Santa Cruz de Tenerife: The fiesta that makes St. Patrick's Day look like a funeral
Eurovision thong contest
The carnival costumes were exceedingly fancy and eye-poppingly flimsy when Tom Sweeney joined hit the streets of Santa Cruz de Tenerife.
The pope was getting the pints in while half-a-dozen Snow Whites with hairy chests began dancing to Oh, Macarena! in the sizzling February sunshine.
Countless zombies, Zorros, Peter Pans, Elvis Presleys and bearded 'señoritas' in flouncy flamenco frocks joined in as the party got under way.
It was midday last Sunday week, and Santa Cruz was going carnival-crazy, with 180,000 people on the streets. Most of them seemed to be queuing for drinks in Plaza San Francisco, which is probably why His Holiness was taking so long coming back with the beers.
Overlooking the festivities with a frown was the bronze bust of journalist and publisher Patricio Estevanez y Murphy (1850-1926), Tenerife-born but with a mammy of Irish descent.
You could almost hear the life-long teetotaller tut-tutting as revellers set down their cervezas on his stone plinth to take photos or top-up their inflatable boobs with big blasts of boozy breath.
Shedding inhibitions - and clothes
Many people hire costumes from pop-up fancy dress shops. Disney characters and superheroes were among the most popular this year, as always, but many more carnival-goers - they come from all over the world - had put great thought, time and effort into creating their own eye-catching ensembles.
One guy wandering around in a pink bathrobe was rigged up as a mobile power-shower. Above him, attached to a pole, was a hula-hoop rail to which he'd fixed a shower head. Hanging from the hoop was a see-through plastic curtain that encircled him. Every now and then, he'd squeeze a rubber ball with a tube attached to it and water would squirt on to his head. I'd say he was a plumber.

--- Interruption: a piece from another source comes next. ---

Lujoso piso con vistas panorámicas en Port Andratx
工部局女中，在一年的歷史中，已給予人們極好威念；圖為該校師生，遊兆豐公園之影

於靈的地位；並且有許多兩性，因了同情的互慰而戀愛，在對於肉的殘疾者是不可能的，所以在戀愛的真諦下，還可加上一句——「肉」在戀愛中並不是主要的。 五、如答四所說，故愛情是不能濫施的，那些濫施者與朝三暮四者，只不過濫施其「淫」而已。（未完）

Proving very popular with photographers and TV crews were Mama and Papa Patata and their four children, all of them clad in hessian spud sacks and wearing potato crowns. Nearby, a woman in a silver leotard and leggings and with a lampshade on her head was dancing to La Cucaracha with a caveman who kept walloping her across the backside with his club.
Next to them, Wonder Woman (a man) was eating the face off Spongebob Squarepants (a woman). It was surreal, and an absolute hoot.

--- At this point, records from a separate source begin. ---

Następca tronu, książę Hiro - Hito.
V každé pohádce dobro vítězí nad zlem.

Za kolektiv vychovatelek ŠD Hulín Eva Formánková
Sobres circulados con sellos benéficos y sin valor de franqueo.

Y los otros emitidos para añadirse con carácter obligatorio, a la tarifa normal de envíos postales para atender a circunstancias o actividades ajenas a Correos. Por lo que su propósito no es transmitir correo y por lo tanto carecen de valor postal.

With the weather being so warm (22C to 24C for five days in a row, which isn't unusual for February), more than a few people had chosen to dress down rather than up, shedding their inhibitions along with their clothes.
There was no shortage of party animals wearing G-strings and little else - and that was only the fellas - which made Plaza San Francisco look like the venue for this year's Eurovision Thong Contest.
The blow-out they tried to ban
Those who take part in the spectacular day and night-time parades along the waterfront (6,000 people on the opening evening) spend 12 months preparing for the highlight of their year.
Community groups and social clubs provide most of the flamboyant floats (which can cost up to €20,000 to decorate), marching bands and dancers who take nearly three hours to cover the 2km course as they sashay, sway and samba their way past cheering crowds.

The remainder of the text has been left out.